Drug Allergy

Prescription drugs have been through a rigorous process of testing to ensure safety, despite this, a minority of individuals will develop side-effects. Side- effects are termed “adverse drug reactions” by doctors and although the majority of adverse drug reactions are relatively minor and may even allow continuation with the drug, in some cases more severe symptoms can occur.

The majority of adverse drug reactions are predictable and affect susceptible patients e.g. gastric irritation with aspirin, or occur due to an interaction between two drugs, e.g. bleeding with warfarin when taken with some antibiotics. Adverse drug reactions account for approximately 6.5% of hospital admissions and  in up to 15% of patients prolong  the  hospital stay.

A smaller proportion of adverse drug reactions are due to drug allergy and in these cases the drug causes an unexpected reaction, which is not predictable in a particular individual. Typical symptoms include swelling of any part of the body, including the face, throat and tongue (angioedema), which may lead to difficulty in breathing, widespread itchy rash (urticaria), tight chest with wheeze and worsening of asthma or, in very severe cases, a drop in blood pressure leading to collapse or loss of consciousness. It is these cases of drug allergy that are investigated and managed in an NHS allergy department. Anyone who suffers such an allergic reaction should record details of the offending drug by keeping the original packaging, note down how much of the drug was taken, record as much detail about the reaction as possible, if appropriate, by taking photographs.
 
Typical cases of drug allergy presenting to an allergy department are as follows:

  • Patients who have experienced a severe allergic reaction during general anaesthesia.  All of these patients should be referred for further investigation.
  • Patients allergic to multiple antibiotics where it becomes difficult to find a suitable antibiotic to treat infection.
  • Allergy to a local anaesthetic, particularly at the dentist, where further dental work becomes difficult and sometimes leads to referral for general anaesthesia for relatively minor treatment.
  • Patients who have experienced a severe allergic reaction, for example asthma or angioedema after taking an anti-inflammatory, e.g. aspirin, ibuprofen and diclofenac, and now require an anti-inflammatory for control of chronic arthritis.
  • Patients on treatment for high blood pressure who develop recurrent episodes of swelling particularly of the tongue or inside the mouth.
  • Patients who have experienced severe allergic reactions after vaccination.

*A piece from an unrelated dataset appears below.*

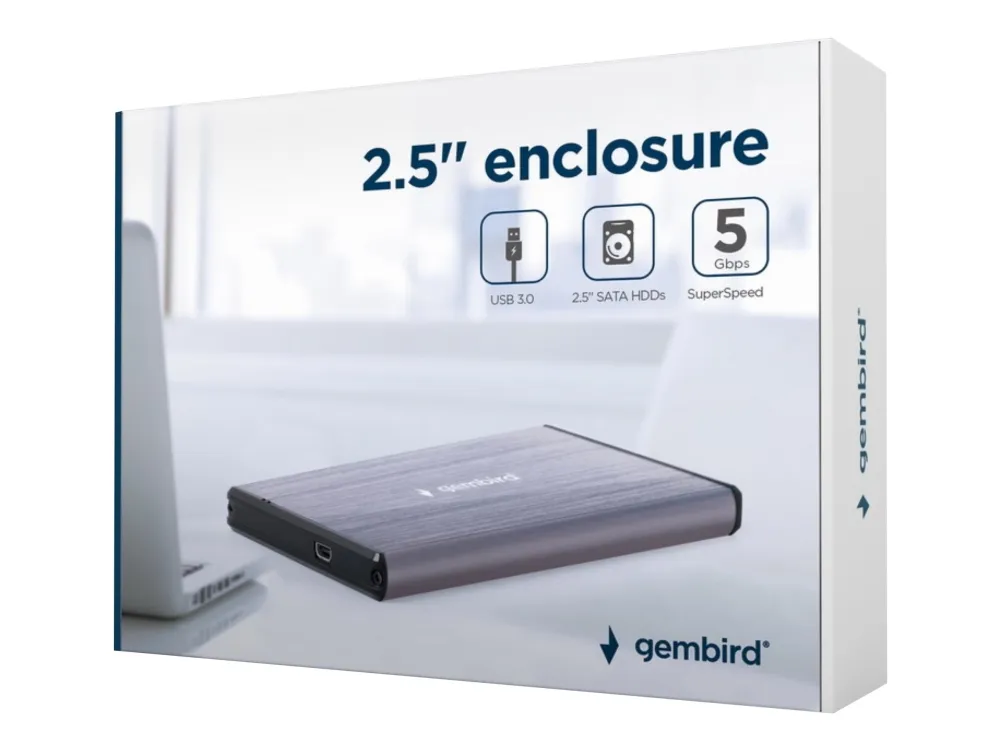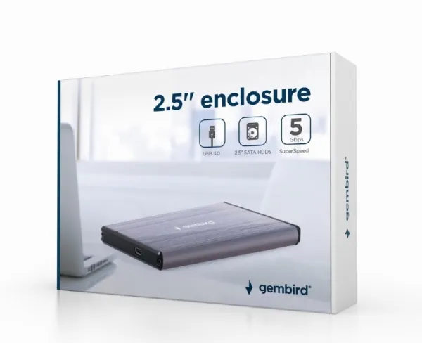 Gembird EE2-U3S-3-LG - Förvaringslåda - 2.5" - SATA 6Gb/s - USB 3.0 - ljusgrå

If the allergic reaction involves topically applied creams or ointments, or widespread peeling of the skin, it is more appropriate to be referred to a dermatology clinic.
 
Finally, it is important that all referrals for the investigation of drug allergy are made through the GP as he/she should have full details of previous allergic drug reactions. These details are essential before investigation can commence and the GP will also know of a suitable allergy clinic to which referral can be made.